"""

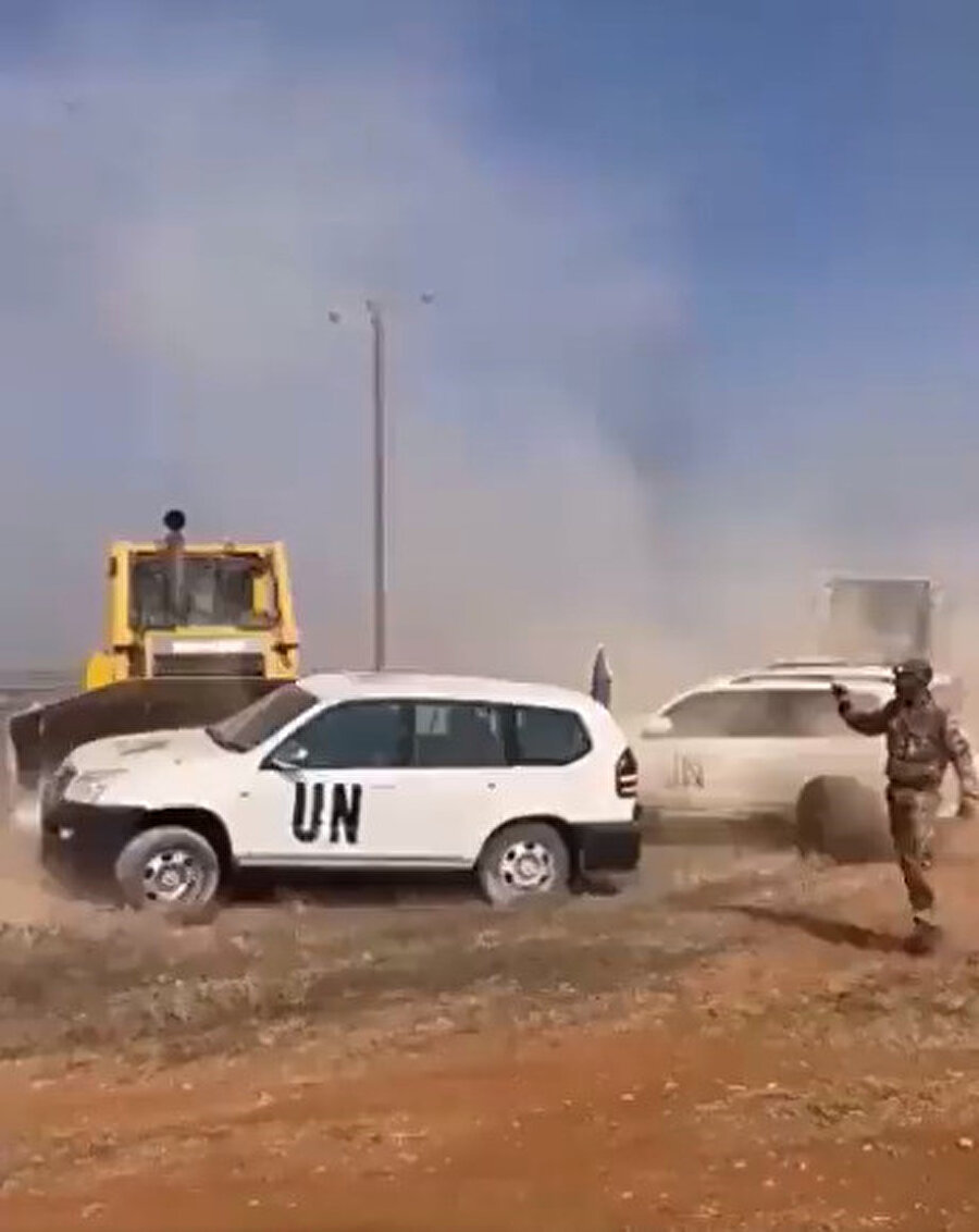 Türk tarafının yetkililerini ve yol yapım araçlarını engellemek isteyen BM Barış Gücü askerleri, ayrıca araçlarını KKTC topraklarına park etmişti.
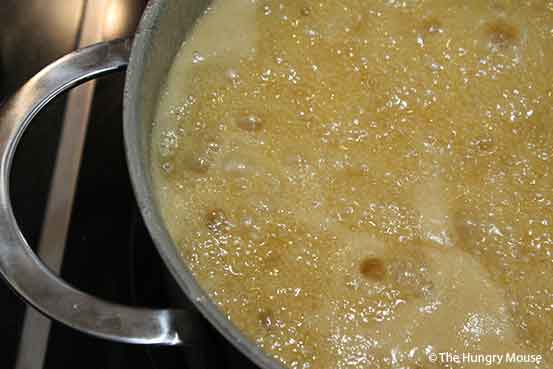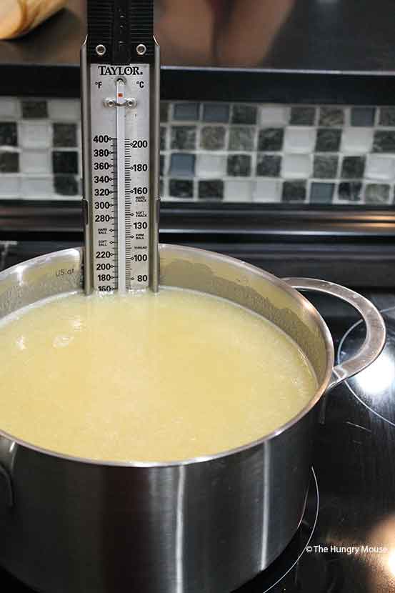Once it starts to bubble, knock the heat down to medium-high, and clip your candy thermometer to the inside of the pot.
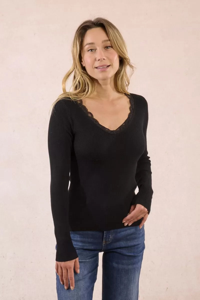 Canottiera in maglia a coste - Vestibilità attillata - Maniche lunghe - Scollo a V impreziosito da una fascia in pizzo - Lunghezza dalla spalla 60 cm per la taglia S"

"""

WHAT YOU SHOULD DO
Word for word, please, restate the lines of the listing from the one holding "Once it starts" down to the last line, leaving out any pictures.

ANSWER TO THIS EXERCISE
Once it starts to bubble, knock the heat down to medium-high, and clip your candy thermometer to the inside of the pot.
 Canottiera in maglia a coste - Vestibilità attillata - Maniche lunghe - Scollo a V impreziosito da una fascia in pizzo - Lunghezza dalla spalla 60 cm per la taglia S"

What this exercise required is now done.